In the records below, find the line containing "Valkoinen, rottinkinen yöpöytä." and the line containing "Tapa y contratapa". Give again exactly those lines and every line between them, omitting the pictures.

◆ Exercise material
========================

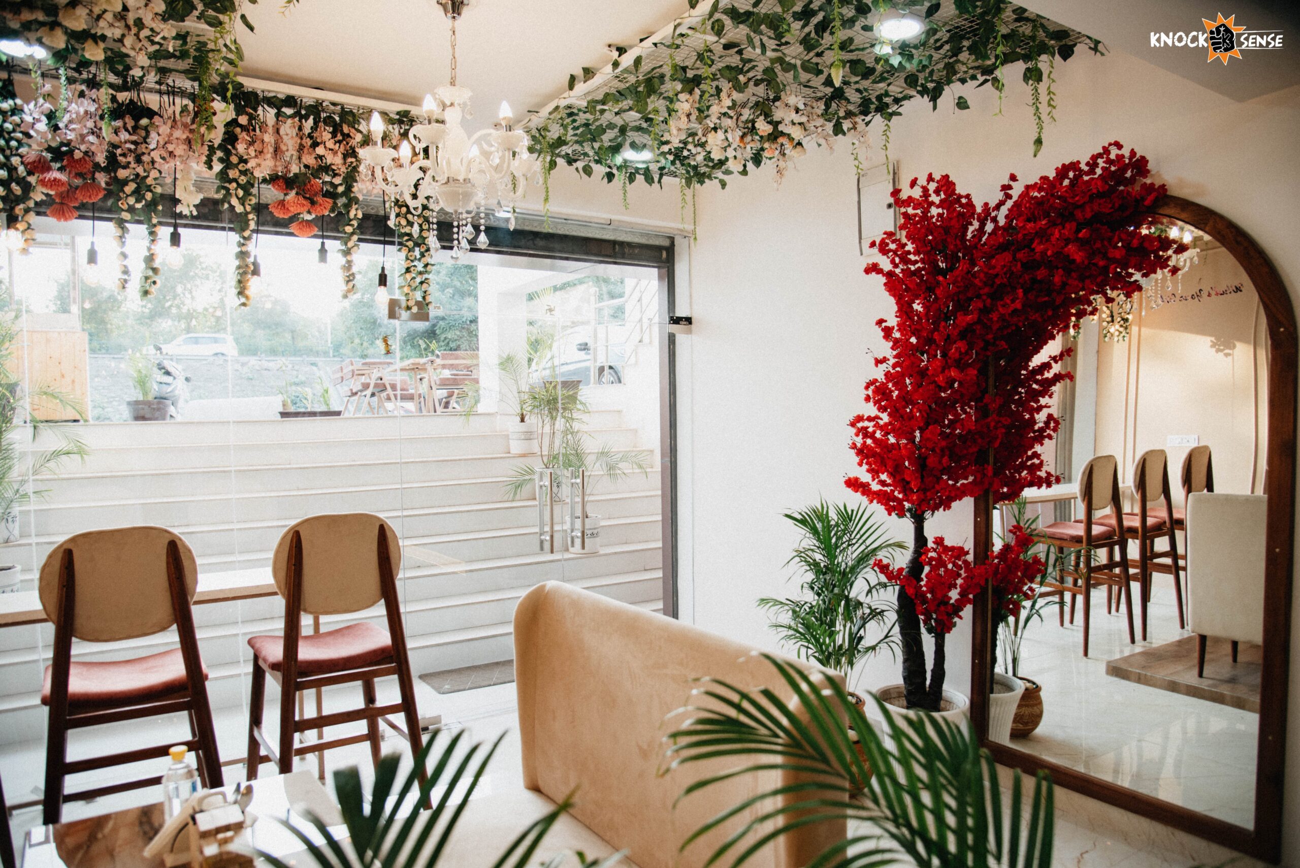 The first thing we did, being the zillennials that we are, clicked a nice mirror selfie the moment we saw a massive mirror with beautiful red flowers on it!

========================

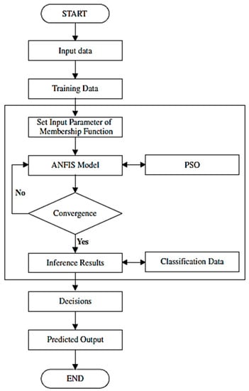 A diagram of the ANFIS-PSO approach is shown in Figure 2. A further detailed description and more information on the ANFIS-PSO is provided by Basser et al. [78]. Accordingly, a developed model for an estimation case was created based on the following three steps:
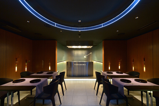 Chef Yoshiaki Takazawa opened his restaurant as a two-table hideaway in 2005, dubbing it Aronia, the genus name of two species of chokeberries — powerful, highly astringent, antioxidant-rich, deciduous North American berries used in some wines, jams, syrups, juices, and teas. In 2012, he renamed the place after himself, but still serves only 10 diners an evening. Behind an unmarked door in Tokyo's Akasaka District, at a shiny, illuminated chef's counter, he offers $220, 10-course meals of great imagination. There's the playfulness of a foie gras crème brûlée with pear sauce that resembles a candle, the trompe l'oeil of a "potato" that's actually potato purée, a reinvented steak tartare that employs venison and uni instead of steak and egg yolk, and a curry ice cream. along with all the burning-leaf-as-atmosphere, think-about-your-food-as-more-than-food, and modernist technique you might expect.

========================

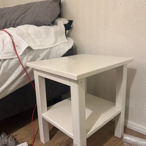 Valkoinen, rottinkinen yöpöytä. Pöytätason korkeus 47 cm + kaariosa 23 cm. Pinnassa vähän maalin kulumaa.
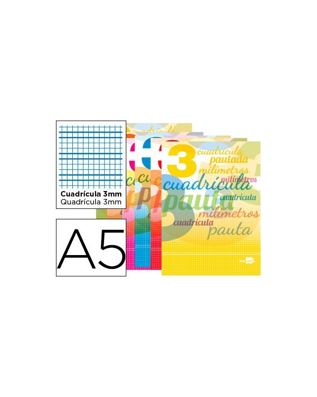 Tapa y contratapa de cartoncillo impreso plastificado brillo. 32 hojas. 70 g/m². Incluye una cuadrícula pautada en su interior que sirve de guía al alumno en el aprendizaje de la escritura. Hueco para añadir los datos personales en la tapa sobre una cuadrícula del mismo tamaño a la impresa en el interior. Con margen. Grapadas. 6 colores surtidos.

========================

◆ Answer section
 Valkoinen, rottinkinen yöpöytä. Pöytätason korkeus 47 cm + kaariosa 23 cm. Pinnassa vähän maalin kulumaa.
 Tapa y contratapa de cartoncillo impreso plastificado brillo. 32 hojas. 70 g/m². Incluye una cuadrícula pautada en su interior que sirve de guía al alumno en el aprendizaje de la escritura. Hueco para añadir los datos personales en la tapa sobre una cuadrícula del mismo tamaño a la impresa en el interior. Con margen. Grapadas. 6 colores surtidos.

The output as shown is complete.